Querying spatial patterns

Vishwakarma Singh, Arnab Bhattacharya, Ambuj K. Singh. Querying spatial patterns. In Ioana Manolescu, Stefano Spaccapietra, Jens Teubner, Masaru Kitsuregawa, Alain Léger, Felix Naumann, Anastasia Ailamaki, Fatma Özcan, editors, EDBT 2010, 13th International Conference on Extending Database Technology, Lausanne, Switzerland, March 22-26, 2010, Proceedings. Volume 426 of ACM International Conference Proceeding Series, pages 418-429, ACM, 2010. [doi]

Abstract

Spatial data are common in many scientific and commercial domains such as geographical information systems and gene/protein expression profiles. Querying for distribution patterns on such data can discover underlying spatial relationships and suggest avenues for further scientific exploration. Supporting such pattern retrieval requires not only the formulation of an appropriate scoring function for defining relevant connected subregions, but also the design of new access methods that can scale to large databases.

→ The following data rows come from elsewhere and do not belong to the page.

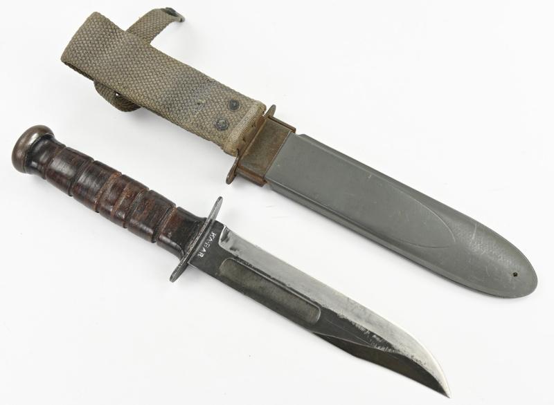 In a very good condition a US Navy WW2 Ka-Bar Fighting Knife. The knife is nicely KABAR marked and comes with the original scabbard. Sadly the snap button is broken.
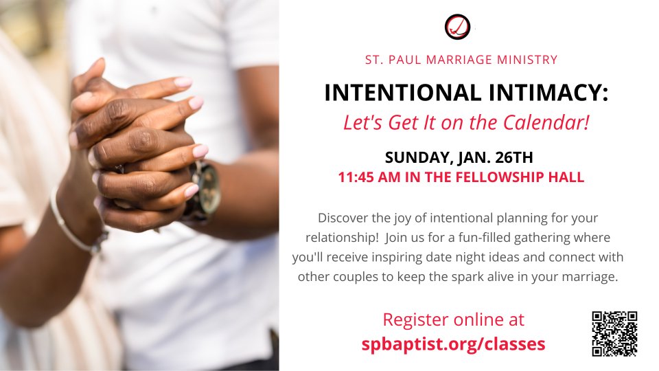 This one-time class will help you fireproof your marriage by planning a year of date nights with your spouse. Get inspiring date night ideas, receive encouraging words, and enjoy connecting with other married couples. Don't forget to bring yourselves and a calendar—let's be intentional about keeping the connection alive throughout the year!
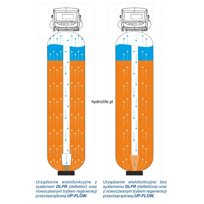 3. DEFLEKTOR (DFLR): W systemie SUPREME-LOGIQ 75D został zastosowany nowoczesny, unikalny system dystrybucyjny oparty na pracy deflektora (DFLR). Dzięki systemowi DFLR woda przepływa przez całą powierzchnię złoża, zwiększając efektywność zmiękczania wody oraz równomierne wykorzystanie całej żywicy jonowymiennej. Połączenie technologii deflektora (DLFC), systemu regeneracji przeciwprądowej UP-FLOW, możliwości pracy w oszczędnym trybie „zmiennej funkcji rezerwy”, umożliwia, realne mniejsze zużycie wody w cyklu regeneracyjny, mniejszą emisja popłuczyn, mniejsze zużycie soli oraz równomierne wykorzystanie złoża, co przekłada się na dłuższą jego żywotność.
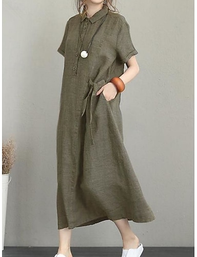 Vestido maxi de lino similar a algodón falso para mujer vestido de cambio vestido de verano casual diario ajuste holgado liso de manga corta con solapa negro verde gris oscuro verano
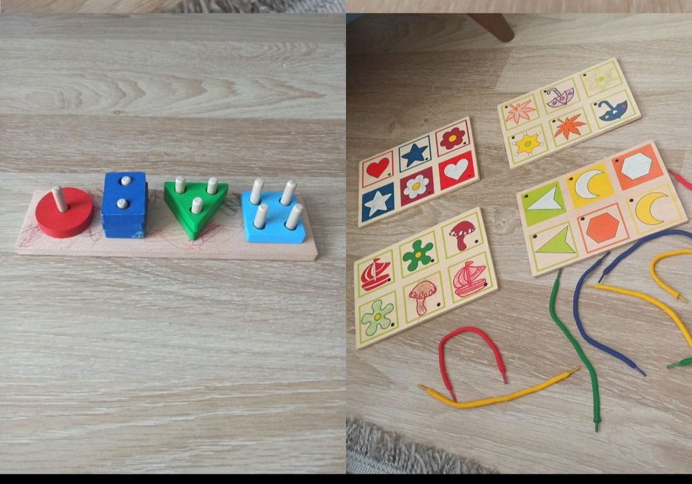 Bu çok renkli eğitici oyuncak seti, ince motor becerilerini ve yaratıcılığı geliştiren şekil eşleştirme ve ip geçirme bazı parçaları kaybolmuş ama hepsi işe yarar durumda. özellikle ip geçirme oyuncakları ince motor gelişimi için ideal. ipli renk eşleştirme oyunu 170lira. renkli şekilleri geçirme oyununun parçaları eksik olduğu için 75lira.
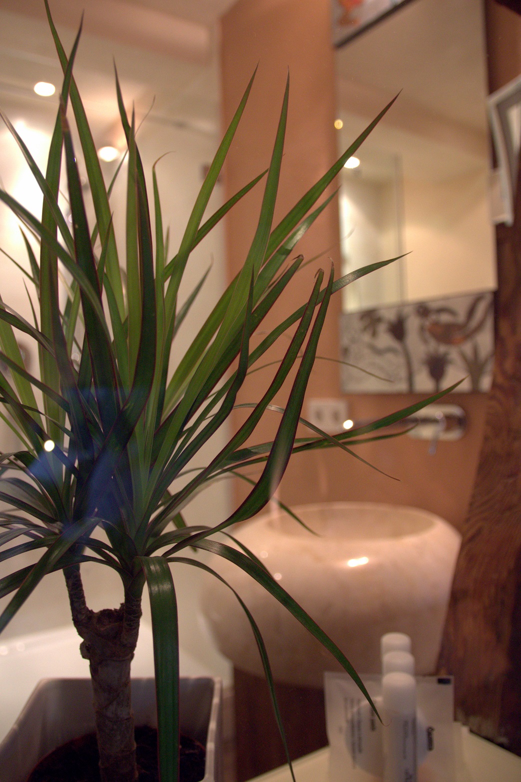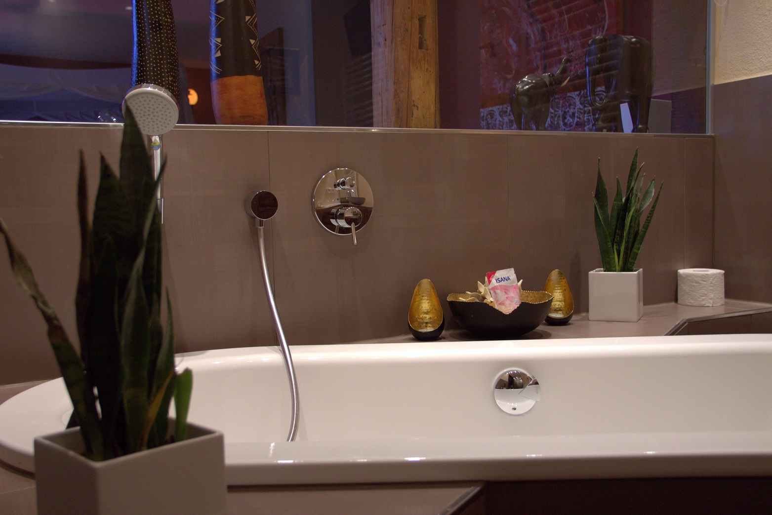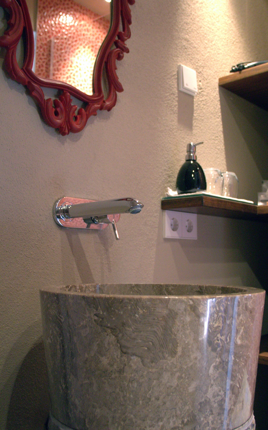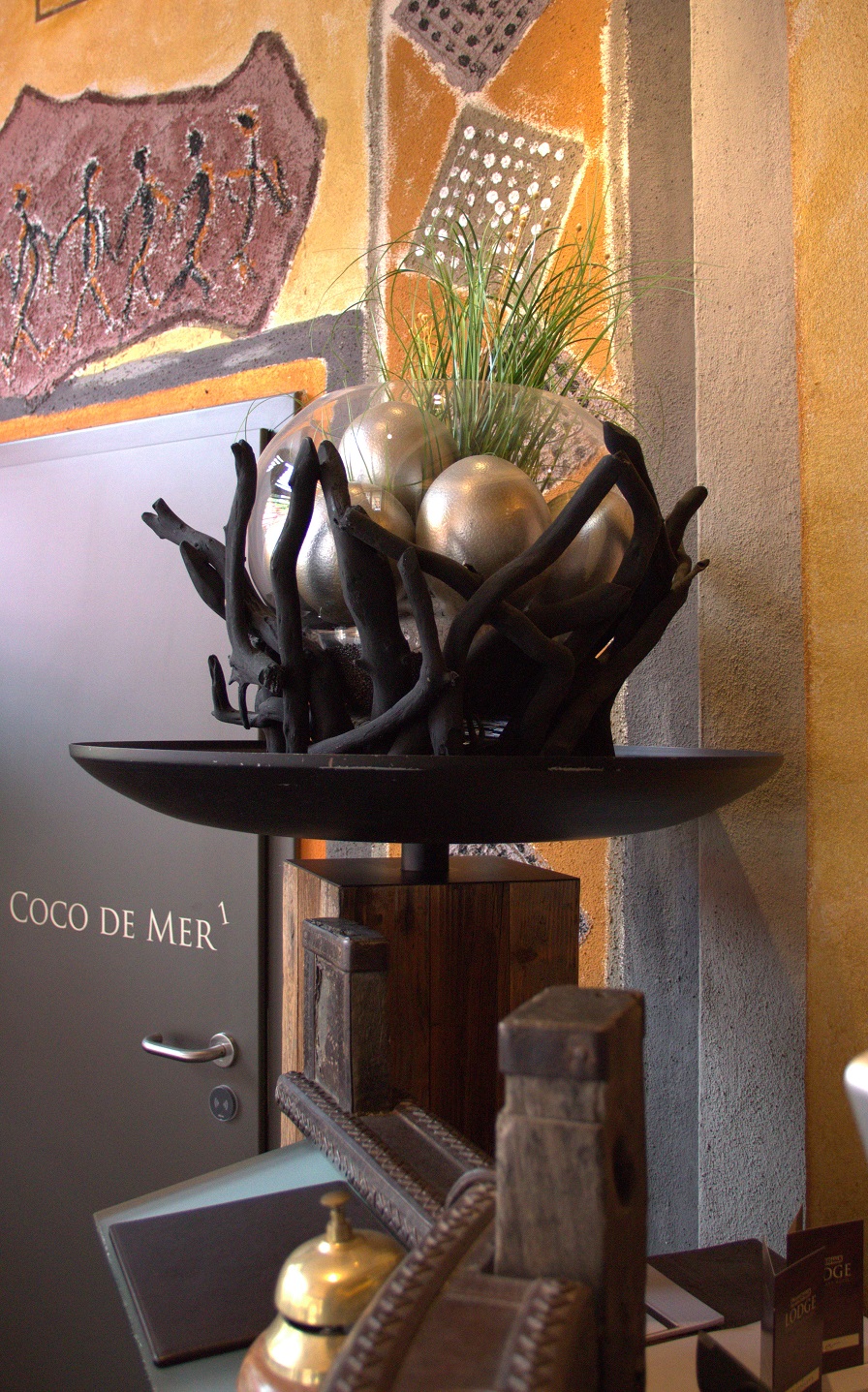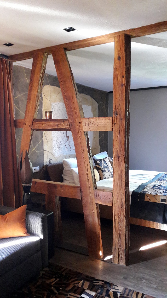 Aber das Glück war auch meiner Seite, als sich beim Auschecken die Gelegenheit bot, sich fast jedes dieser Gästezimmer anzuschauen und zu fotografieren. Beginnend mit unserem Reich für eine Nacht, dem „Baobab“, welches als kleinstes Zimmer durch eine wunderschöne Raumaufteilung, dank einer gläsernen Wand zwischen Bad- und Schlafbereich und vielen weiteren liebevoll arrangierten Details den afrikanischen Rhythmus Wirklichkeit werden lässt. Am meisten faszinierten mich das feine Spülsteinbecken im Bad und die freigelegten Fachwerkbalken.

In this paper, we propose a solution to this problem of querying significant subregions on spatial data provided as raster images. We design a scoring scheme to measure the similarity of subregions. All the raster images are tiled, and each alignment of the query and a database image produces a tile score matrix. We show that the problem of finding the best connected subregion from this matrix is NP-hard and develop a dynamic programming heuristic. With this heuristic, we develop two index-based scalable search strategies, TARS and SPARS, to query patterns in large data repositories. Experimental results on real image datasets show that TARS offers an 87% improvement for small queries, and SPARS a 52% improvement in runtime for large queries, as compared to linear search. Qualitative tests on real datasets achieve precision of more than 80%.